Results are showing like below
+-------+------------+--------------------+------------------+--------+--------------------+------------+-----------+--------------------+
|CUST_ID| CUST_NAME| STREET_ADDRESS| CITY|US_STATE|OTHER_STATE_PROVINCE|COUNTRY_CODE|POSTAL_CODE| NOTES| +-------+------------+--------------------+------------------+--------+--------------------+------------+-----------+--------------------+ | null|[John, 1 Ma]|in St.
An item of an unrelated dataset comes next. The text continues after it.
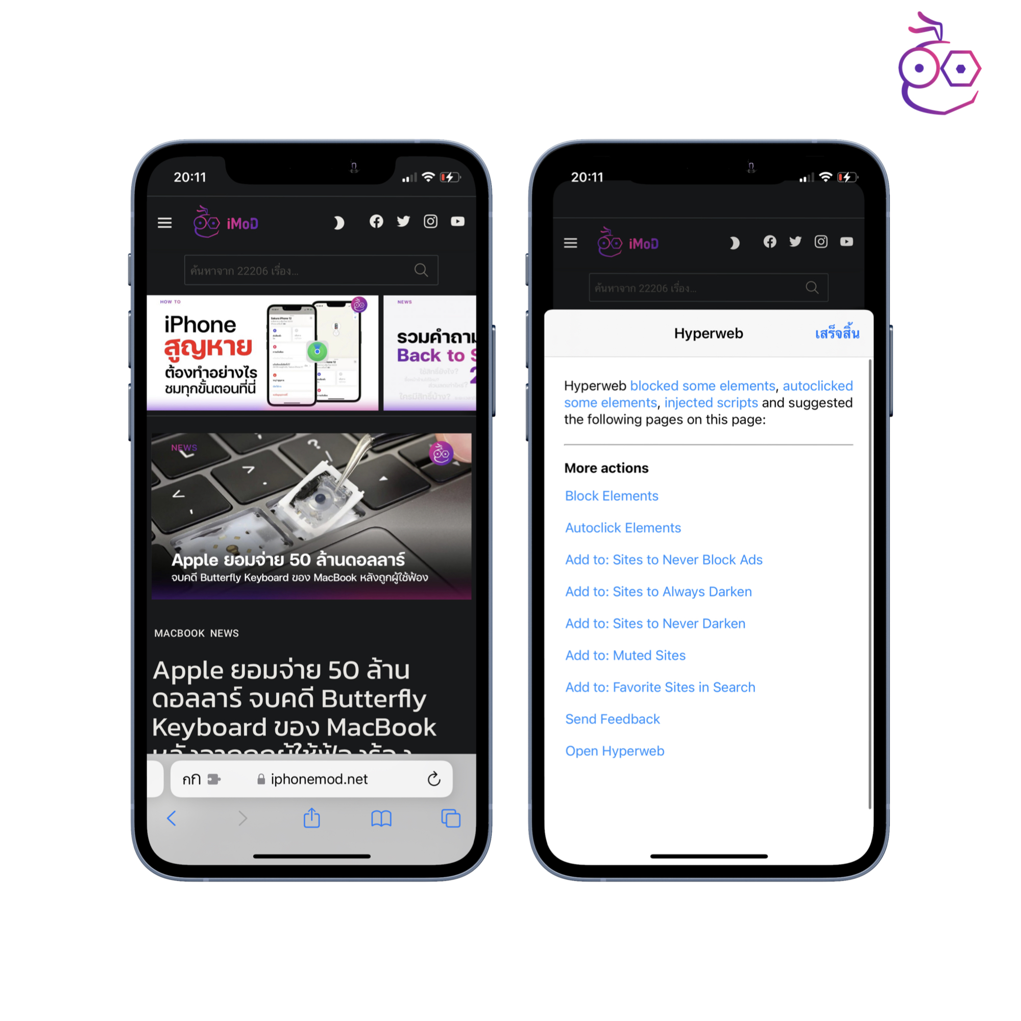 Hyperweb เป็นส่วนขยายที่ให้ผู้ใช้สร้างตัวบล๊อก ปิดการใช้งานคุกกี้ จัดการโหมดมืด และเปิดลิงก์ในแอปเฉพาะ รวมถึงสามารถแทรกสคริปต์ CSS และ JS ได้สำหรับนักพัฒนา

Anyt|own NY| | USA1| 234| 5 This|is our first cust...| +-------+------------+--------------------+------------------+--------+--------------------+------------+-----------+--------------------+
Additional context
Add any other context about the problem here.
Hi, I think your example file does not contain RDWs.
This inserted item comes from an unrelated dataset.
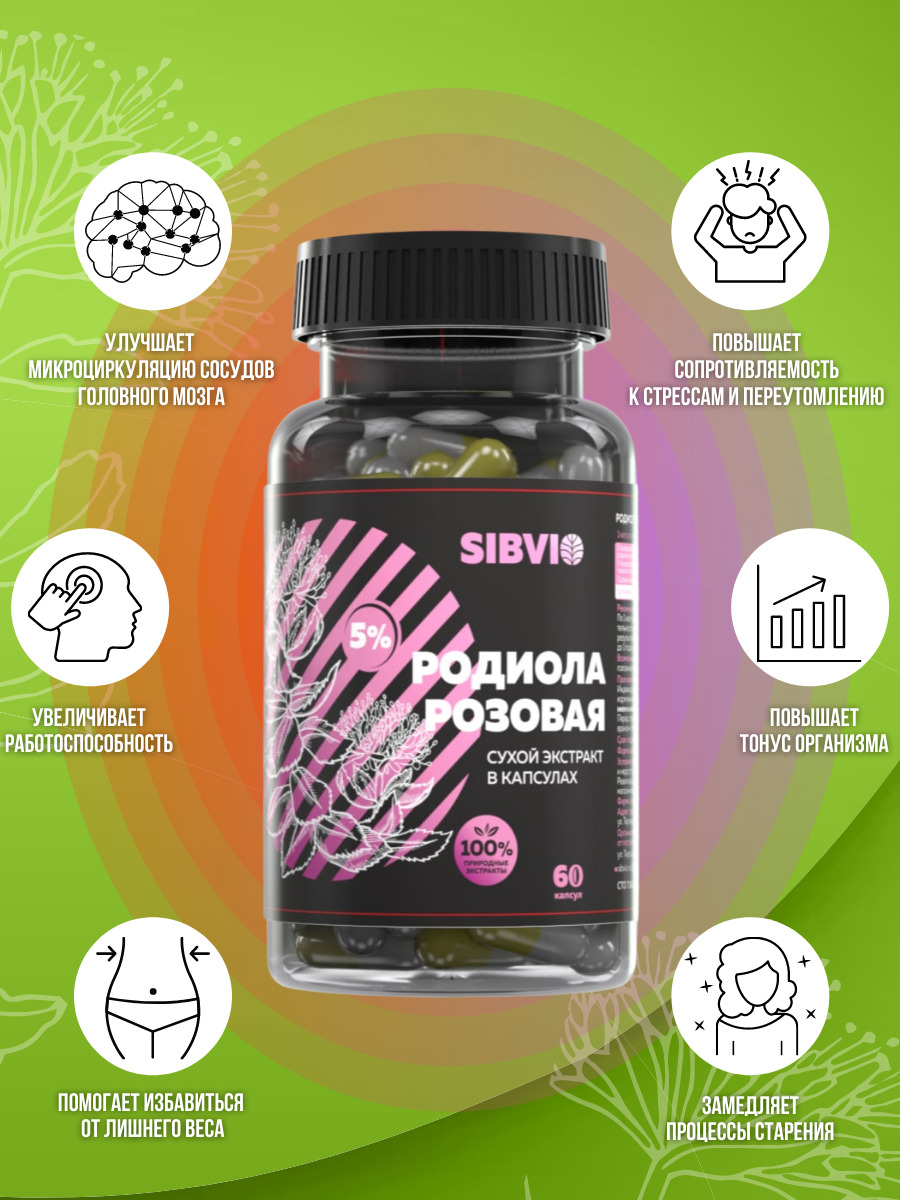 Родиола розовая (Золотой корень) 5 %. Экстракт корня, 60 капсул. Противовирусный препарат. Средство от стресса.

Please, try to remove .option("is_record_sequence", true).
You can use .option("debug", "true") to see what is being decoded.
@yruslan I am getting the same issue... Can you please share the code ?
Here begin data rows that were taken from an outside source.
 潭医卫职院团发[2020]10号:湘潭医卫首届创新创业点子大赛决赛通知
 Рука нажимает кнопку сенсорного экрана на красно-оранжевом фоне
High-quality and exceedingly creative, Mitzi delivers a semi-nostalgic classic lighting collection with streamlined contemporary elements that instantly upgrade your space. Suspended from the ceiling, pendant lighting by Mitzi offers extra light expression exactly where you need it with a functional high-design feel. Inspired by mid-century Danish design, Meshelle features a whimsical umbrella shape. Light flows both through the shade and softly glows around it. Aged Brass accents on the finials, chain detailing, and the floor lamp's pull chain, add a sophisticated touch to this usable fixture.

Hi, I can take a look if you have a small example copybook and a data file.
COMP-3 decodes to null when the value is not a valid BCD-encoded number. You can investigate raw field contents using
.option("debug", "true")
Here is the copybook extract:
012900 01 DUCTL-CYCLE-REC REDEFINES DUCTL-DETAIL-REC. 01290000
013000 05 DUCTL-CYCLE-MSG PIC X(12). 01300000
013100 05 DUCTL-CYCLE-CURR-CYCLEDT PIC X(7). 01310000
013200 05 DUCTL-CYCLE-CURR-CYCLE PIC X(5). 01320000
013300 05 DUCTL-CYCLE-LAST-CYCLE PIC X(5). 01330000
013400 05 FILLER PIC X(162). 01340005
013500 05 DUCTL-CYCLE-SEQNUM PIC X(15). 01350000
013600 SKIP2 01360000
013700 01 DUCTL-CNTL-REC REDEFINES DUCTL-CYCLE-REC. 01370000
013800 05 DUCTL-CNTL-MSG PIC X(12). 01380000
013900 05 DUCTL-CNTL-CURR-CYCLEDT PIC X(7). 01390000
014000 05 DUCTL-CNTL-CURR-CYCLE PIC X(5). 01400000
014100 05 DUCTL-CNTL-LAST-CYCLE PIC X(5). 01410000
014200 05 DUCTL-CNTL-TOTAL-REC-COUNT PIC 9(9) COMP-3. 01420000
014300 05 DUCTL-CNTL-TOTAL-PREMIUM PIC S9(11) COMP-3. 01430000
014400 05 DUCTL-CNTL-TOTAL-NONPREM PIC S9(9)V99 COMP-3. 01440000
014500 05 DUCTL-CNTL-OMNI-TOT-REC-CT PIC 9(9) COMP-3. 01450000
014600 05 DUCTL-CNTL-OMNI-TOT-PREM PIC S9(11) COMP-3. 01460000
014700 05 DUCTL-CNTL-OMNI-TOT-NONPREM PIC S9(9)V99 COMP-3. 01470000
014701 05 DUCTL-CNTL-TOT-DROPREC PIC 9(10). 01470102
014702 05 DUCTL-CNTL-TOT-TRIGPREM PIC S9(11). 01470202
014703 05 DUCTL-CNTL-TOT-TRIGREC PIC 9(09). 01470302
014704 05 DUCTL-CNTL-TOT-BINDOFF PIC 9(11). 01470402
014310 05 FILLER PIC X(12). 01431000
014710 05 DUCTL-CNTL-TOTAL-COMM PIC S9(9)V99 COMP-3. 01471000
014720 05 DUCTL-CNTL-TOTAL-NPCOMM PIC S9(9)V99 COMP-3. 01472000
014600 05 FILLER PIC X(63). 01460000
014900 05 DUCTL-CNTL-SEQNUM PIC X(15). 01490000
class_poc_df = spark.read.format("cobol")\
.option("copybook",class_copybook)\
.option("encoding", "ascii")\
.option("debug", "true")\
.option("is_text", "true")\
.option("schema_retention_policy", "collapse_root")\
.load(class_data)
Below is a screenshot of the dataframe
+--------------------------+--------------------------------+------------------------------+------------------------------------+
|DUCTL_DETAIL_TOTAL_PREMIUM|DUCTL_DETAIL_TOTAL_PREMIUM_debug|DUCTL_DETAIL_PRIOR_POL_PREMIUM|DUCTL_DETAIL_PRIOR_POL_PREMIUM_debug|
+--------------------------+--------------------------------+------------------------------+------------------------------------+
| null| 434F46200000| null| 004546433034|
+--------------------------+--------------------------------+------------------------------+------------------------------------+
As you can see
434F46200000
is not a valid BCD number. 'F' cannot be in the middle of a BCD number. Maybe your copybook is shifted against the data. If you have values of parsed data (maybe in Mainframe console), you can quickly identify the shift by comparing parsed values between the mainframe and cobirx.